一种咳嗽声音识别方法、设备和存储介质,所述方法包括:采样声音信号并获取所述声音信号的梅尔频率倒谱系数特征参数矩阵(201);从所述声音信号的梅尔频率倒谱系数特征参数矩阵中提取信号特征(202);确认所述信号特征是否匹配预先获取的基于支持向量数据描述算法的咳嗽信号特征模型(203);如果匹配,则确认所述声音信号为咳嗽声音(204)。所述方法、设备能对咳嗽声音进行识别,从而能够通过监测使用者发出的声音对咳嗽情况进行监测,无需使用者佩戴任何检测部件。

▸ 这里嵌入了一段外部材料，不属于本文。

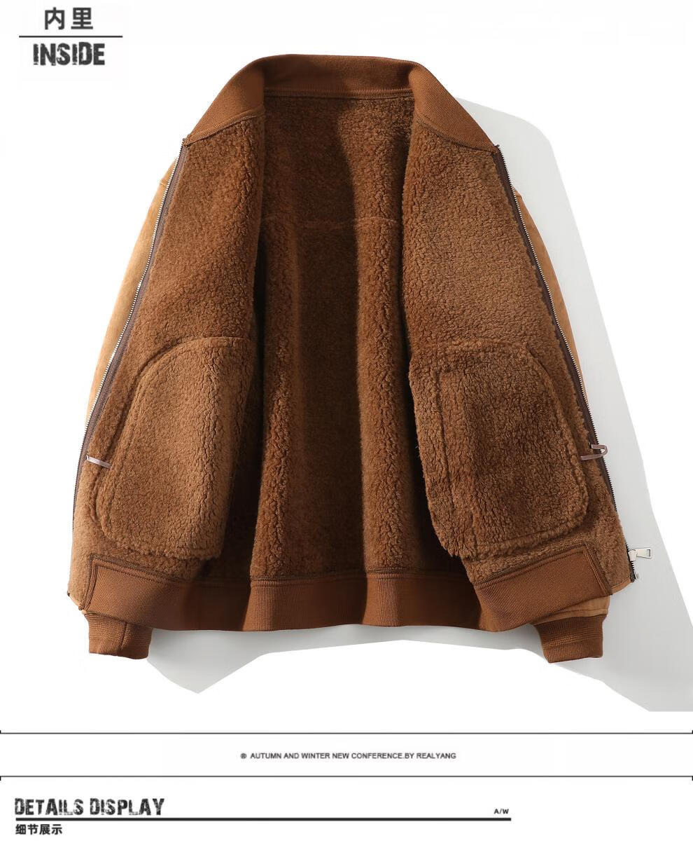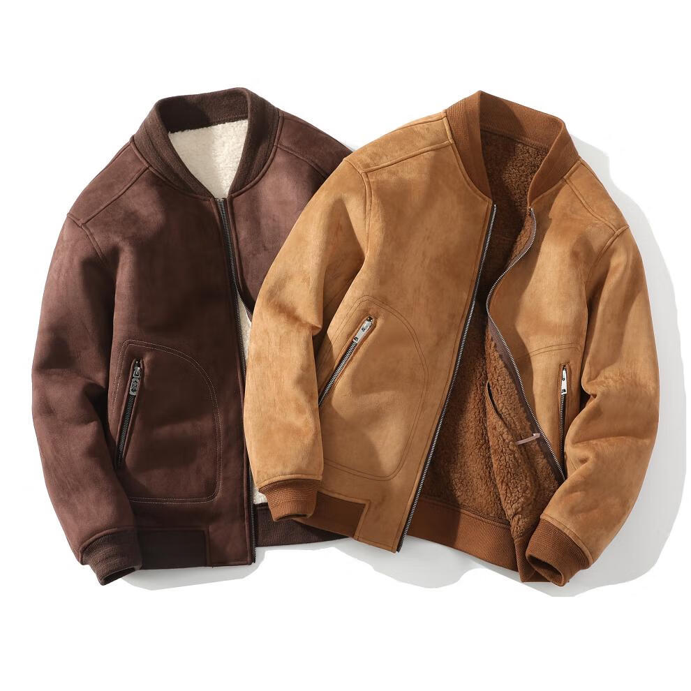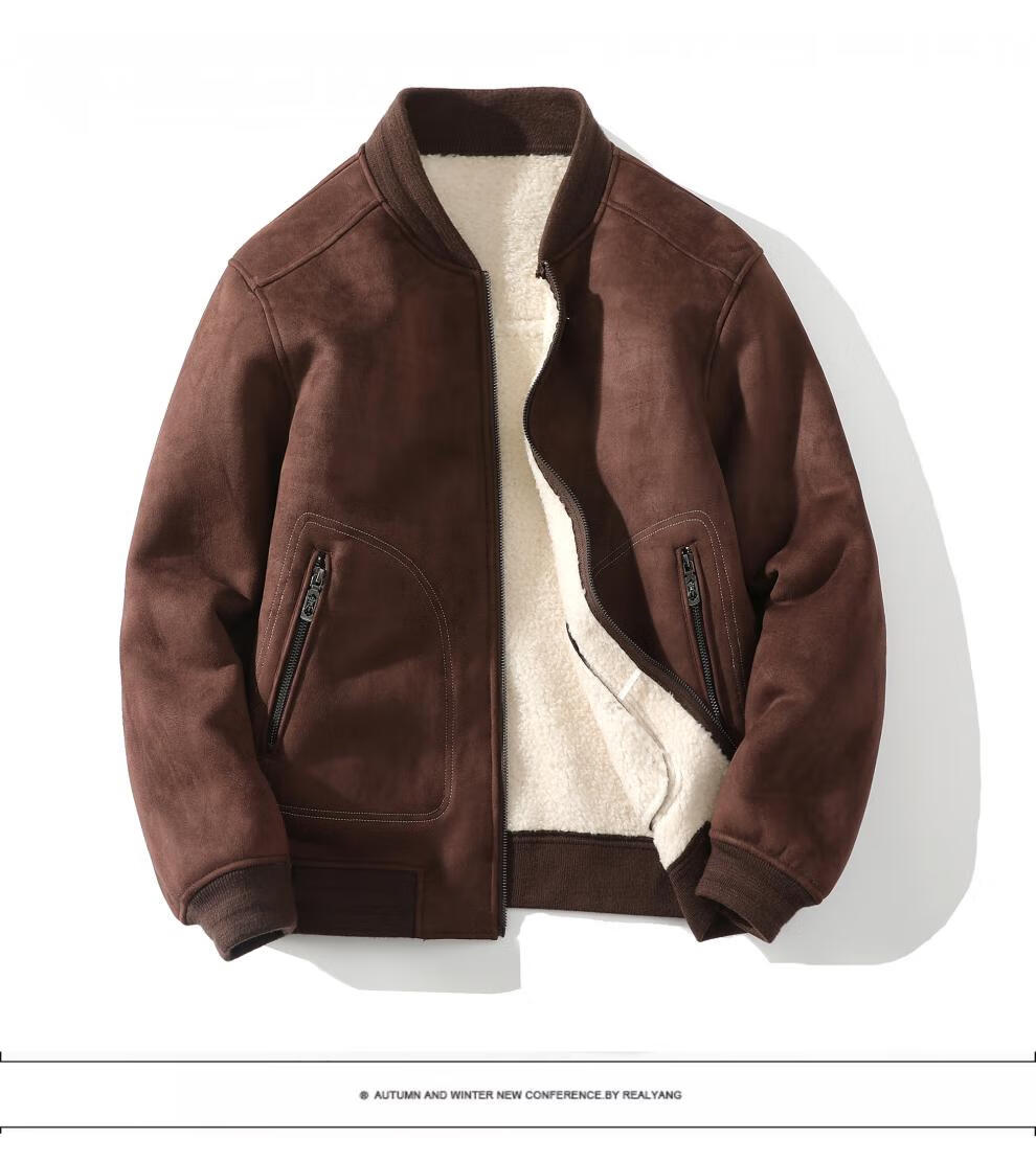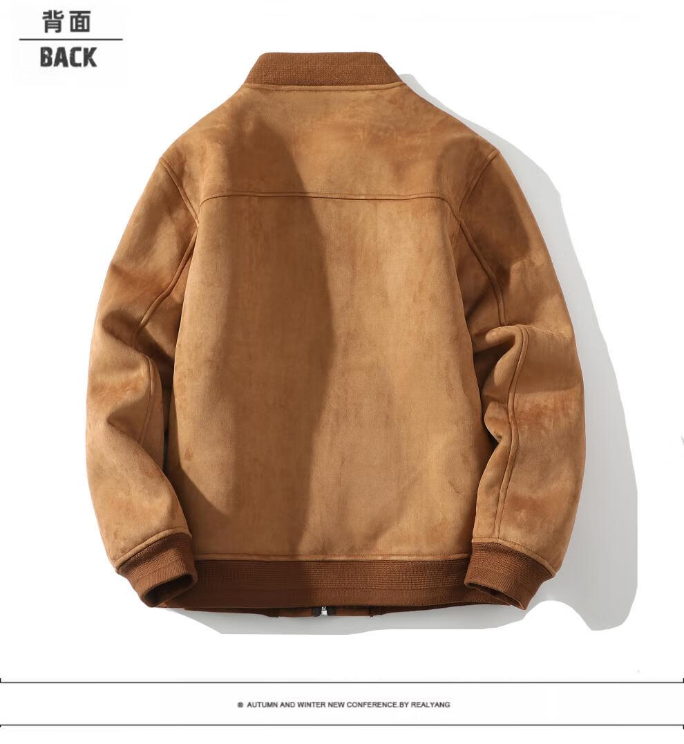 Yu Mengxindi frosted suede leather jacket for men in autumn and winter new suede wool jacket baseball jacket fur all-in-one jacket light brown L recommended 95/125 Jin Jin equals 0.5 kg
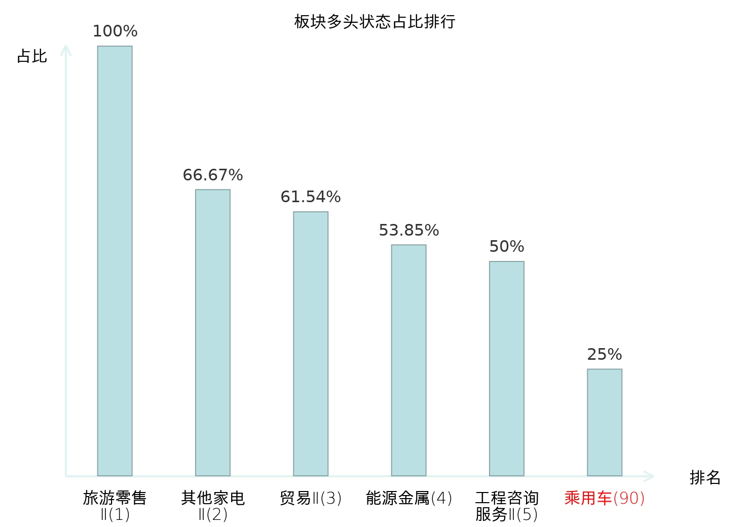 全市场所有行业板块中主力多头状态占比排名中,旅游零售Ⅱ板块位居第一。冶钢原料板块名次提升最快,较昨日上升37位。

且由于采用基于MFCC特征参数和SVDD模型的识别算法,算法复杂度低、计算量少,从而对硬件要求低,降低了产品制造成本。

Description

咳嗽声音识别方法、设备和存储介质 技术领域
本申请实施例涉及声音处理技术,尤其涉及一种咳嗽声音识别方法、设备和存储介质。
背景技术
咳嗽是某些疾病(如哮喘等)治疗效果或病情进展的评估指标。详细准确的咳嗽状态信息(如每小时咳嗽次数、咳嗽时间等),对疾病诊断有着重要的临床指导意义。有研究指出,智能的咳嗽监测设备,比人工辨别咳嗽更加准确。目前的智能咳嗽监测设备主要是用于医学监护用途,需要患者佩戴复杂设备进行监测,这无疑给使用者带来了不便。
目前,有研究通过将咳嗽声音的特性和语音识别技术相结合,建立咳嗽模型,采用基于动态时间规整算法(Dynamic Time Warping,DTW)的模型匹配方法对特定人的孤立咳嗽声音进行识别。能通过监测使用者发出的声音对咳嗽情况进行监测,无需使用者佩戴任何检测部件。
实现本申请过程中,发明人发现相关技术中至少存在如下问题:基于DTW算法的咳嗽声音识别方法,算法复杂度高、计算量大,对硬件设备要求更高。
发明内容
本申请的目的在于提供一种咳嗽声音识别方法、设备和存储介质,能对咳嗽声音进行识别,且算法简单、计算量小,对硬件设备要求低。
为实现上述目的,第一方面,本申请实施例提供了一种咳嗽声音识别方法,用于识别设备,所述方法包括:
采样声音信号并获取所述声音信号的梅尔频率倒谱系数特征参数矩阵;
从所述声音信号的梅尔频率倒谱系数特征参数矩阵中提取信号特征;
确认所述信号特征是否匹配预先获取的基于支持向量数据描述算法的咳嗽信号特征模型;
如果匹配,则确认所述声音信号为咳嗽声音。
可选的,所述方法还包括:
预先获取所述基于支持向量数据描述算法的咳嗽信号特征模型。
可选的,所述预先获取所述基于支持向量数据描述算法的咳嗽信号特征模型,包括:
采集预设数量的咳嗽声音样本信号并获取所述咳嗽声音样本信号的梅尔频率倒谱系数特征参数矩阵;
从所述咳嗽声音样本信号的梅尔频率倒谱系数特征参数矩阵中提取所述信号特征;
将所述咳嗽声音样本信号的信号特征作为输入,训练支持向量数据描述算法模型,以获取所述基于支持向量数据描述算法的咳嗽信号特征模型。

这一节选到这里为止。